- [AIM OF THE TASK]: Could you return each line from the one bearing "- Zelo priporočljivo" through the last line of the entries, exactly as it stands, with no pictures?

- [SUPPLIED DATA]:

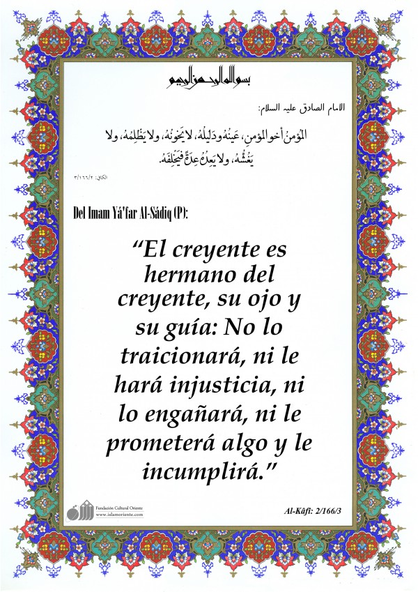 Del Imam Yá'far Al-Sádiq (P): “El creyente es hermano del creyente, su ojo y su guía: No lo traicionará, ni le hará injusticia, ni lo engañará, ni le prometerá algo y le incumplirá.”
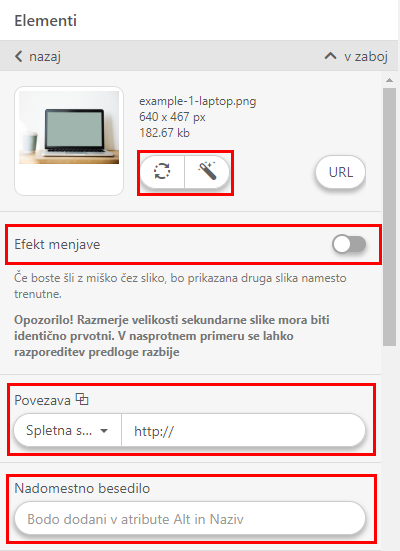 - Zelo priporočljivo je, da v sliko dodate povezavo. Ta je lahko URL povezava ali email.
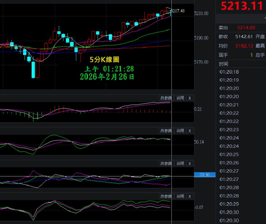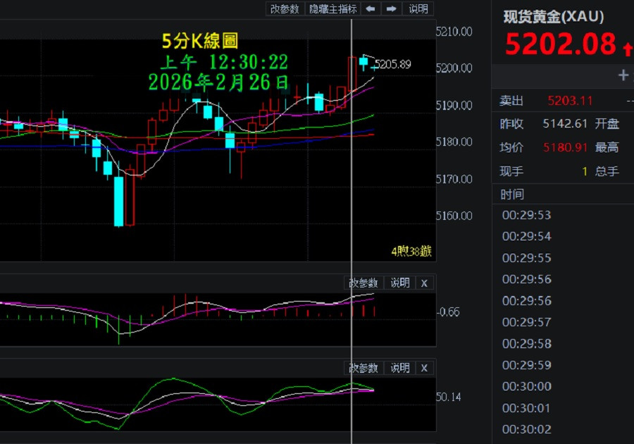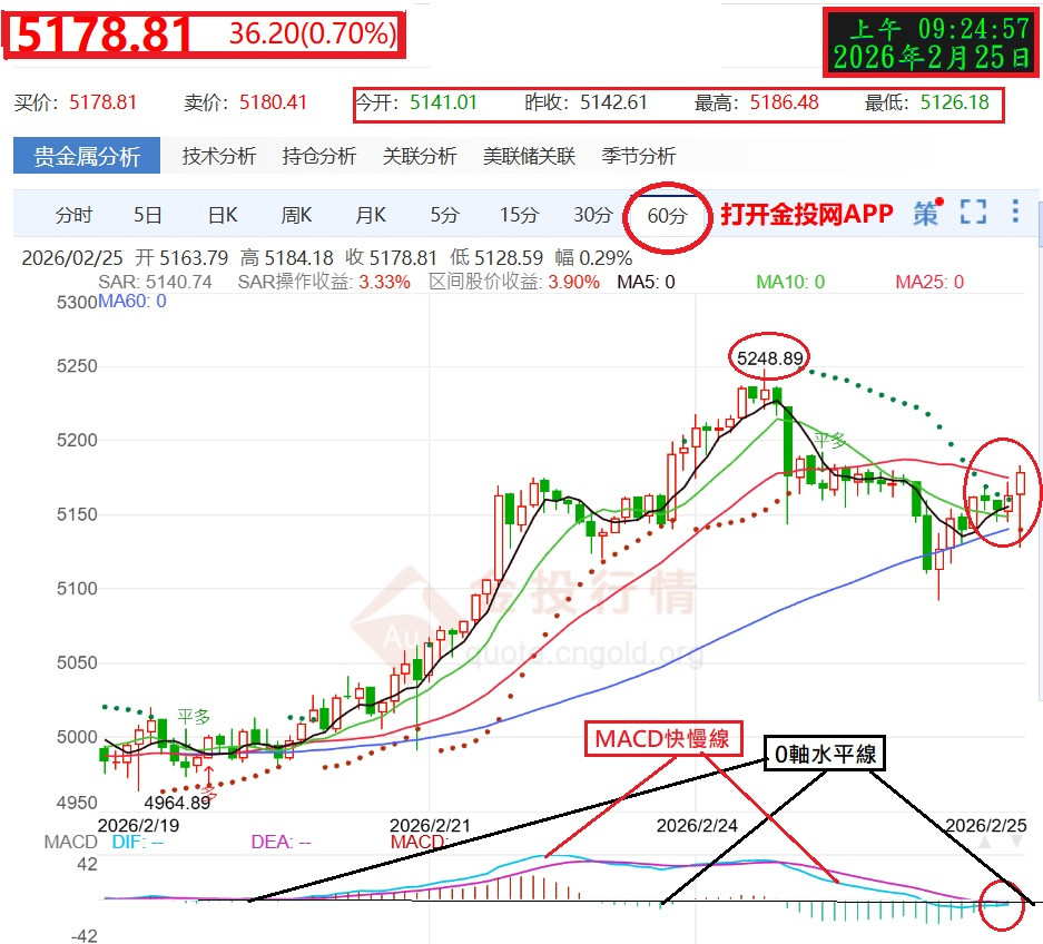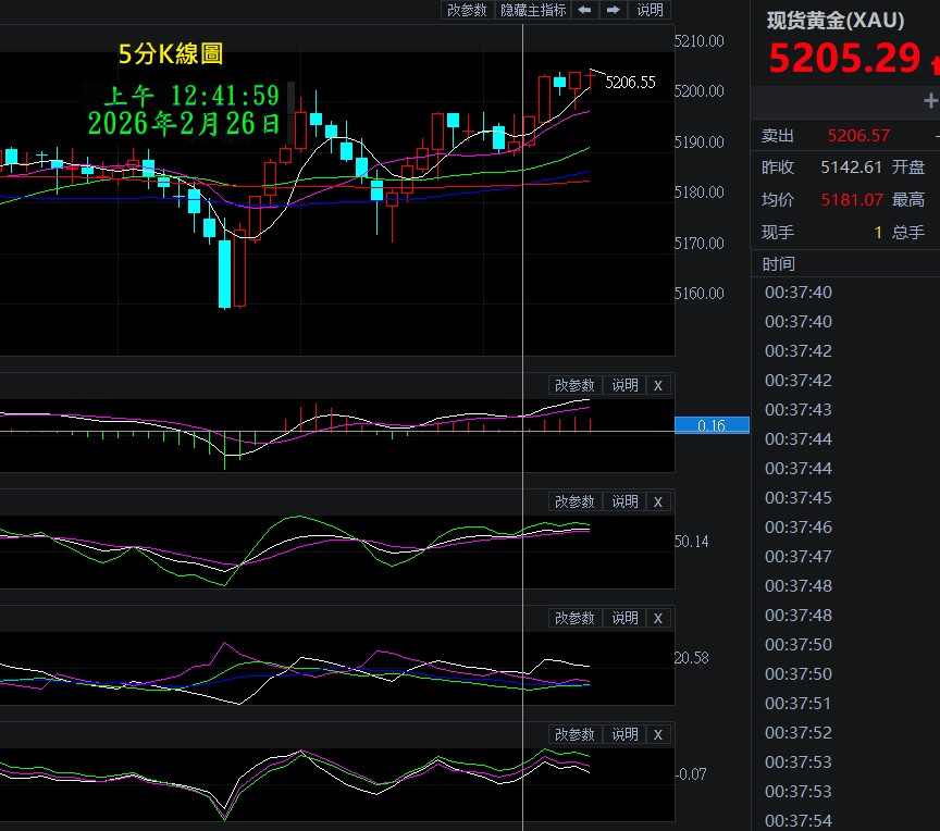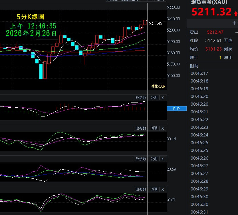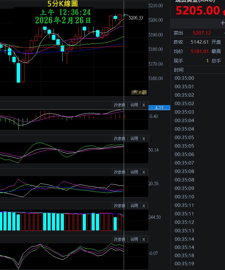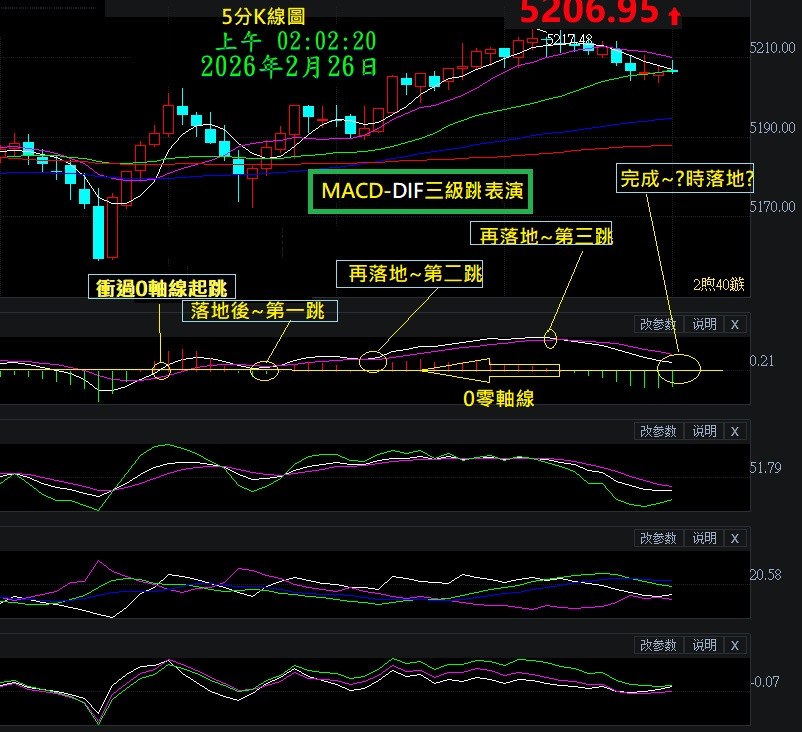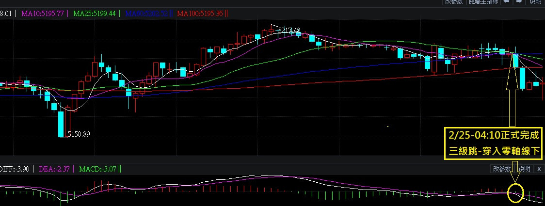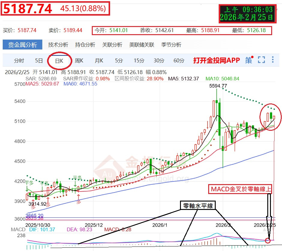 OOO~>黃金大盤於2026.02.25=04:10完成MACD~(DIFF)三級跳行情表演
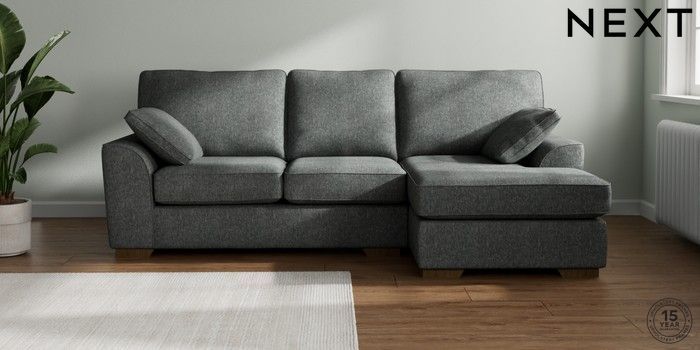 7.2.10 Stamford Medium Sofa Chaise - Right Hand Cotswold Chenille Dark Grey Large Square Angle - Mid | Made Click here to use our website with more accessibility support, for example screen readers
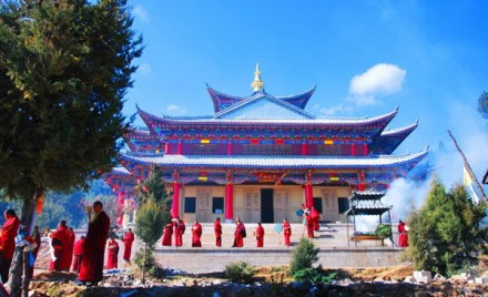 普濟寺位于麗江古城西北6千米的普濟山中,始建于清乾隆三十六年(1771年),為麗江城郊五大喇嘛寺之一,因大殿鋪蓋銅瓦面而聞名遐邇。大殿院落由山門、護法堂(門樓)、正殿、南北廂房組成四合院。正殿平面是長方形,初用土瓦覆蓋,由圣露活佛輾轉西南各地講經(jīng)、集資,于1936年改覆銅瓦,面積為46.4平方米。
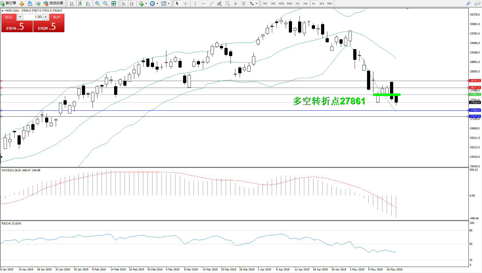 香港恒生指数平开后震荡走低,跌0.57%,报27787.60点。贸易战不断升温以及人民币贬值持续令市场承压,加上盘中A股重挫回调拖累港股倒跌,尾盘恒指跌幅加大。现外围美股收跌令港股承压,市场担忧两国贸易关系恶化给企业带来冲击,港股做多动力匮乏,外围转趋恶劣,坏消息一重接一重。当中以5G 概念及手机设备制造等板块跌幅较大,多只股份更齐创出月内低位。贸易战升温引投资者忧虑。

- [PROBLEM SOLUTION]:
 - Zelo priporočljivo je, da v sliko dodate povezavo. Ta je lahko URL povezava ali email.
 OOO~>黃金大盤於2026.02.25=04:10完成MACD~(DIFF)三級跳行情表演
 7.2.10 Stamford Medium Sofa Chaise - Right Hand Cotswold Chenille Dark Grey Large Square Angle - Mid | Made Click here to use our website with more accessibility support, for example screen readers
 普濟寺位于麗江古城西北6千米的普濟山中,始建于清乾隆三十六年(1771年),為麗江城郊五大喇嘛寺之一,因大殿鋪蓋銅瓦面而聞名遐邇。大殿院落由山門、護法堂(門樓)、正殿、南北廂房組成四合院。正殿平面是長方形,初用土瓦覆蓋,由圣露活佛輾轉西南各地講經(jīng)、集資,于1936年改覆銅瓦,面積為46.4平方米。
 香港恒生指数平开后震荡走低,跌0.57%,报27787.60点。贸易战不断升温以及人民币贬值持续令市场承压,加上盘中A股重挫回调拖累港股倒跌,尾盘恒指跌幅加大。现外围美股收跌令港股承压,市场担忧两国贸易关系恶化给企业带来冲击,港股做多动力匮乏,外围转趋恶劣,坏消息一重接一重。当中以5G 概念及手机设备制造等板块跌幅较大,多只股份更齐创出月内低位。贸易战升温引投资者忧虑。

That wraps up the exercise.